Terra Spiehs-Garst of Omaha, Nebraska’s state chairwoman for SOFT, said the new data and evolving views make it particularly important to educate parents and doctors about the conditions.
“This is a rare condition,” Spiehs-Garst said. “A lot of physicians haven’t seen older kids (with trisomy 18 and 13). They don’t know what they can do.”
Spiehs-Garst’s son, Emerson, is now 7. She and her husband, Tyson Garst, found out he had trisomy 18 when she was 17 weeks pregnant. They were advised to terminate the pregnancy. That recommendation is not uncommon.

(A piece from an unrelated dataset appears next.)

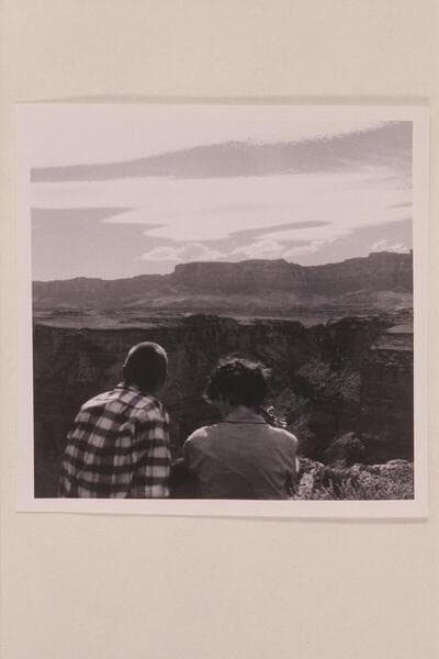 Susie Reilly sits at the edge of Marble Canyon looking down at Badger Creek Rapid. Pat Reilly prepares for photography

Instead, they opted to let Emerson take the lead. At three months, he’d outlived the timeline his pediatrician had learned in medical school. His heart problems were controlled with blood pressure medications, which he’s since outgrown. He had surgery on his jaw to help with his breathing. At 15 months, he underwent treatment for a type of kidney cancer often associated with trisomy 18 and has been tumor-free since. While he has difficulty speaking, he can use a communication device and knows his numbers, colors and shapes. He loves dancing and getting hugs from his three brothers.
Spiehs-Garst, who serves as SOFT’s initial contact for parents with a new diagnosis, said the family isn’t naive. They recognize that Emerson has disabilities. But he’s also taught the family about patience, love for others and not taking life for granted.
“There are physicians who are starting to realize we need to be looking at the full picture,” Spiehs-Garst said. “Just because these kids have a diagnosis does not mean they don’t have worth and value.”
Dr. John Lantos, director of the Center for Pediatric Bioethics at Children’s Mercy Kansas City, wrote in a 2016 editorial that treatment decisions probably won’t become clear-cut for trisomy 13 and 18.
The children’s conditions vary, as will families’ decisions about life-sustaining treatments.
“We see it as a situation in which doctors and parents should sit down together and go over likely outcomes about treatment ... and make decisions together,” he said.
Melinda Soerjawitaka of Lincoln, who co-chaired the Omaha conference, said this year’s conference agenda itself was a sign of how care has evolved for trisomy kids.
In addition to medical sessions, there were presentations on developing education plans with schools and setting up trusts to care for children long term. Her son, Zalyn, 4, has a mosaic form of trisomy 18. While he is developmentally delayed, he walks and talks well and is learning colors and numbers.
“It’s a good problem to need to discuss,” Soerjawitaka said. “It means things are changing.”